There’s “explosive demand” around the world for people with Linux skills, according to a recent report.
A survey sponsored by the Linux Foundation and Dice.com an IT jobs Web site, found hiring managers at tech-powered companies are focusing more attention on Linux talent, with the result that those who can work with the open source operating system will earn stronger than average salary increases.
Other findings include:
•Finding Linux talent is becoming more of a priority for hiring managers. Seventy seven percent of hiring managers have “hiring Linux talent” on their list of priorities for 2014, up from 70 percent a year ago.
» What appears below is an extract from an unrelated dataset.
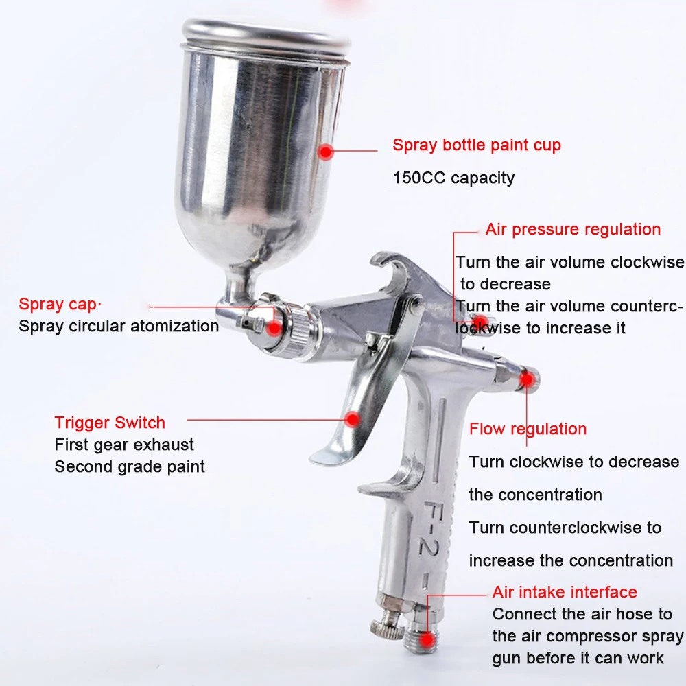 F-2 Pneumatic Spray Gun High Atomization Spray Gun, Pneumatic Spray Gun for Oil Wall Painting Coating on Automotive Leather Robe

More than nine in 10 hiring managers plan to hire a Linux professional in the next six months;
• Hiring managers are increasing the number of Linux professionals they are searching for. Forty six percent of hiring managers are beefng up their plans for recruiting Linux talent over the next six months, a three-point increase over last year;
• Knowing Linux advances careers. Eighty-six percent of Linux professionals report that knowing Linux has given them more career opportunities, and 64 per cent say they chose to work with Linux because of its pervasiveness.
More than 1,100 hiring managers and staffing agencies from North America, Europe, Asia, South America, Mexico, Central America, Japan, Australia and New Zealand replied to the survey, which was conducted last November and December. Respondents needed to have hired at least one Linux professional last year or planned to hire one in 2014.
Separately more than 4,000 Linux professionals responded to a survey.
Half of the respondents said their plans reflected company growth and a resulting need for more Linux talent and experience, while 35 per cent cited an increasing use of Linux throughout the enterprise.
In addition, the number of hiring managers who suggest Linux is becoming more core to their business jumped 10 points since last year’s report, the study said.
According to the survey, the areas of expertise that hiring managers are most aggressively seeking include systems administration (58 per cent), Linux application development (45 per cent) and systems architecture/engineering (45 per cent).